Inventory system aids research

22 November 2011

The Rapid Inventory Collection System gathering data in the aftermath of Cyclone Yasi.

The Rapid Inventory Collection System
gathering data in the aftermath of
Cyclone Yasi.
© Geoscience Australia

An inventory system used by government to assess community impact following natural disasters has been made publicly available as open source software through creative commons licensing.

Emergency managers, researchers and urban and environmental planners will have improved opportunities to investigate the immediate after effects of natural disasters following the development and public release of the information collection system.

Called the Rapid Inventory Collection System (RICS), the vehicle mounted equipment and associated computer programs have been developed by Geoscience Australia as part of its Earth monitoring and hazards program to evaluate the aftermath of earthquakes and cyclones.

The equipment, including open source software, has been used to gather images in the aftermath of the 2011 Brisbane floods and tropical cyclone Yasi in Queensland.

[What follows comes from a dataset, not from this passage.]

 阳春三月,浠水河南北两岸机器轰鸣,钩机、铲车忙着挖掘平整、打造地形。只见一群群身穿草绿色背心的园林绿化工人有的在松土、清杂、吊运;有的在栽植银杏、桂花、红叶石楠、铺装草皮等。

It was also used following earthquakes in Kalgoorlie, Western Australia and Christchurch, New Zealand, and to capture imagery of the Darling River in New South Wales for ecological research.

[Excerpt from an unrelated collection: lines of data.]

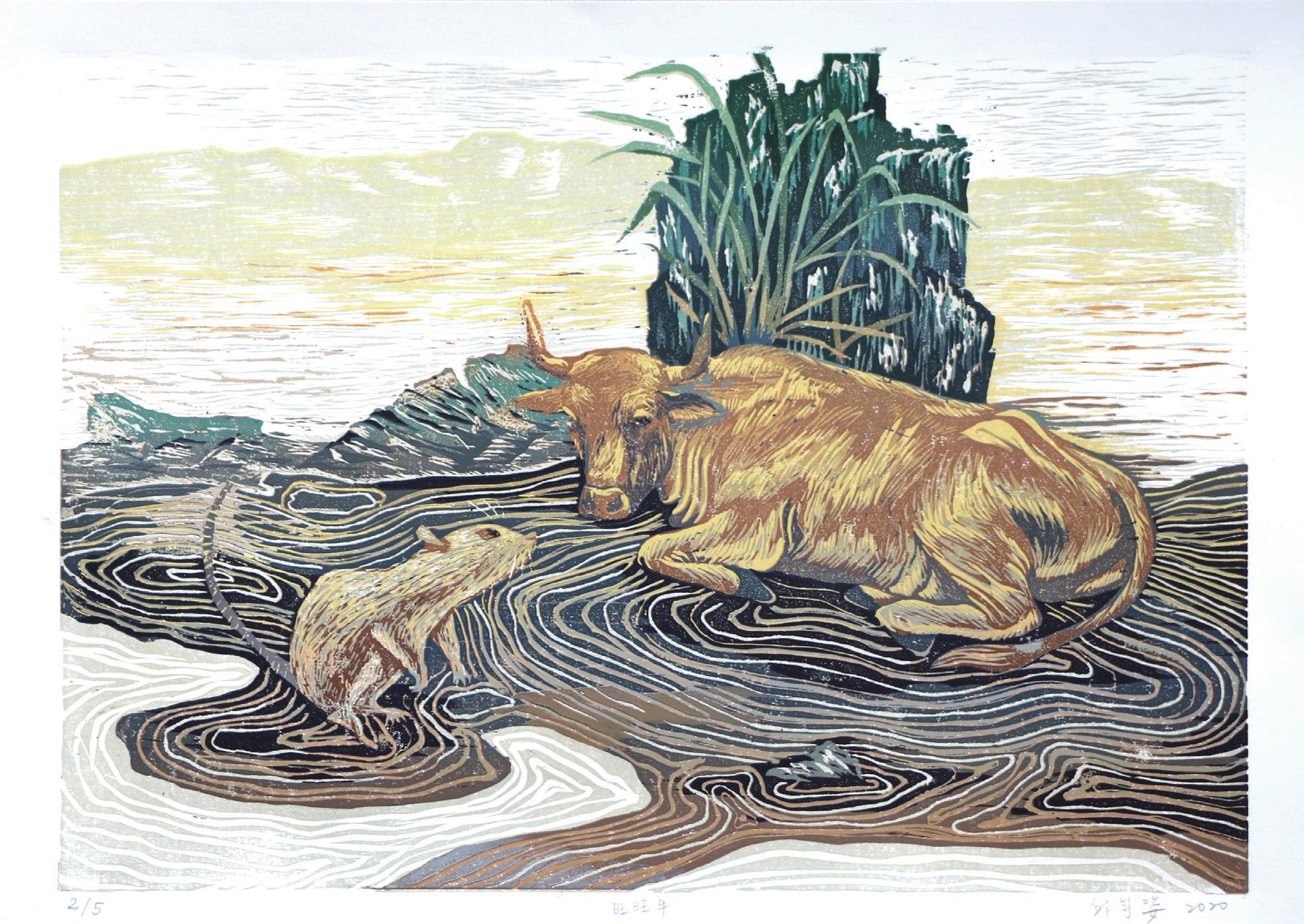鼠與牛的對話,不斷環繞的線條,象徵時間性的傳承。 旺旺牛 / 54.6x39.3cm / 單版複刻 11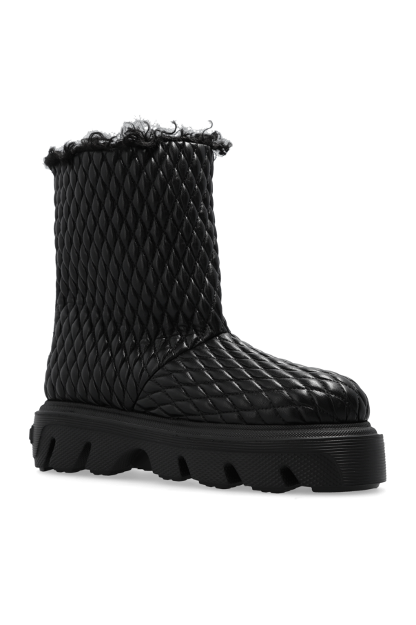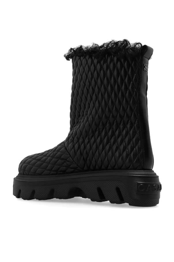 Black quilted snow boots from Casadei. Crafted from leather with fur trims, this pair features a logo and a black rubber sole.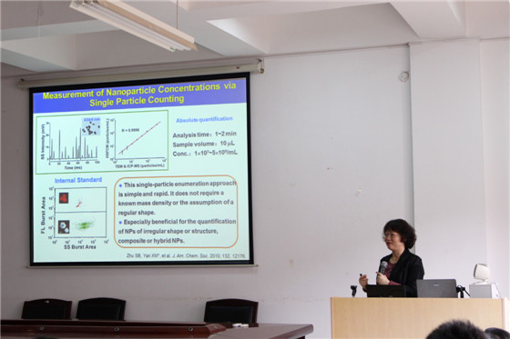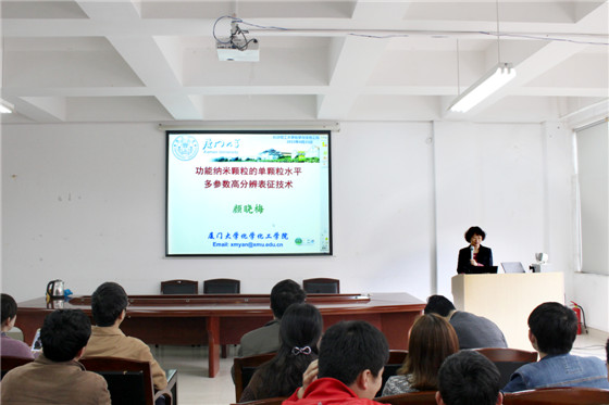 4月21日下午2:30,应伟德betvlctor1946源于英国化学与生物工程学院邀请,国家杰出青年科学基金获得者、厦门大学化学生物学系主任、博士生导师颜晓梅教授应邀来伟德讲学, 在云塘校区工科三号楼A-320会议室作了题为“功能纳米颗粒的单颗粒水平多参数高分辨表征技术”的学术报告,会议由化学学院院长杨荣华教授主持,化学、食品、生物、化工等相关学科的教师、研究生、本科生共百余人聆听了报告。

Following a magnitude five earthquake in Kalgoorlie in 2010, RICS captured 230 000 street view images which were used to conduct a detailed assessment of the impact on more than 400 buildings of various age and design.

A member of Geoscience Australia's Earth Monitoring and Hazards Group, Mark Edwards, said that the data obtained with the Rapid Inventory Collection System will help government planners to minimise risk by developing a better understanding of the vulnerability and retrofit options for buildings and other infrastructure.

"The Rapid Inventory Collection System operates with up to four cameras mounted on a vehicle and connected to a user-friendly, consistent and intuitive computer based interface. It displays the images obtained with relevant GPS data and incorporates a notepad for including comments," Mr Edwards said.